#reinforcement_learning

GPT-3

paper: arXiv

This is a 175b-parameter language model (117x larger than GPT-2). It doesn’t use SOTA architecture (the architecture is from 2018: 96 transfomer layers with 96 attention heads (see [[transformers]])1 The self-attention somehow encodes the relative position of the words (using some trigonometric functions?).), is trained on a few different text corpora, including CommonCrawl (i.e. random internet html text dump), wikipedia, and books,2 The way they determine the pertinence/weight of a source is by upvotes on Reddit. Not sure how I feel about that. and follows the principle of language modelling (unidirectional prediction of next text token).3 So, not bi-directional as is the case for the likes of #BERT. A nice way to think of BERT is a denoising auto-encoder: you feed it sentences but hide some fraction of the words, †and BERT has to guess those words. And yet, it’s able to be surprisingly general purpose and is able to perform surprisingly well on a wide range of tasks (examples curated below).

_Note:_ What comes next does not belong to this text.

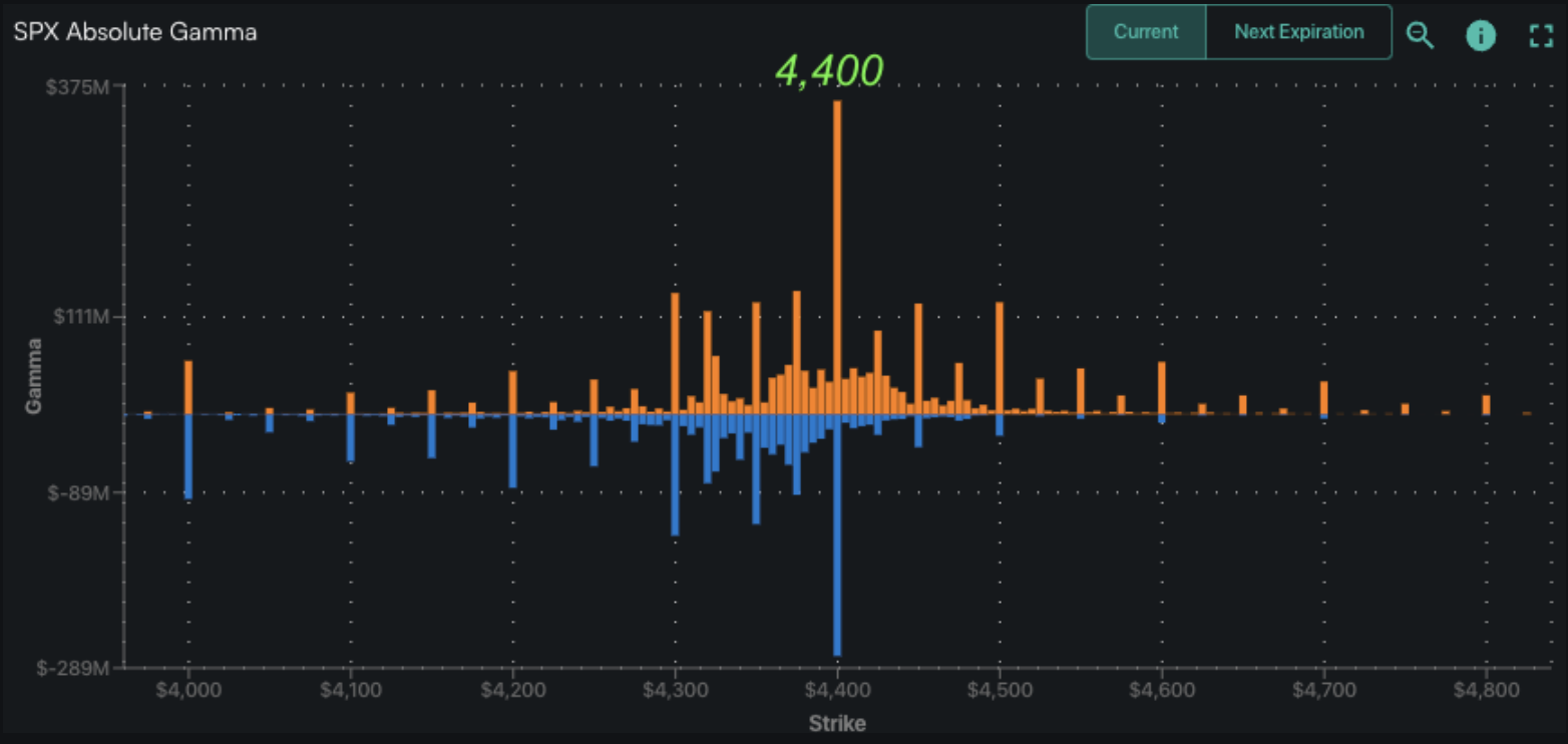Shown below is gamma by strike, with calls in orange and puts in blue. As you can see, 4,400 is “a beast” and a level we think should act as resistance for today. If/when the S&P closes above this level it should offer strong support.

It turns out that GPT-2 required things to be fine-tuned in order to be able to be applied to various tasks. In the spirit of [[transfer-learning]], the GPT-2 can be thought of the base model, and then for a given task (with training data), you then train on that specific dataset.

GPT-3 no longer requires this fine-tuning step, which is a big deal. The way it works now is that you give it some samples/examples, and then start interacting with it. In fact, that’s it. The idea is that you’re basically populating the context window (which is 2048 tokens), and then letting the model do its thing. That’s basically the extent of the fine-tuning.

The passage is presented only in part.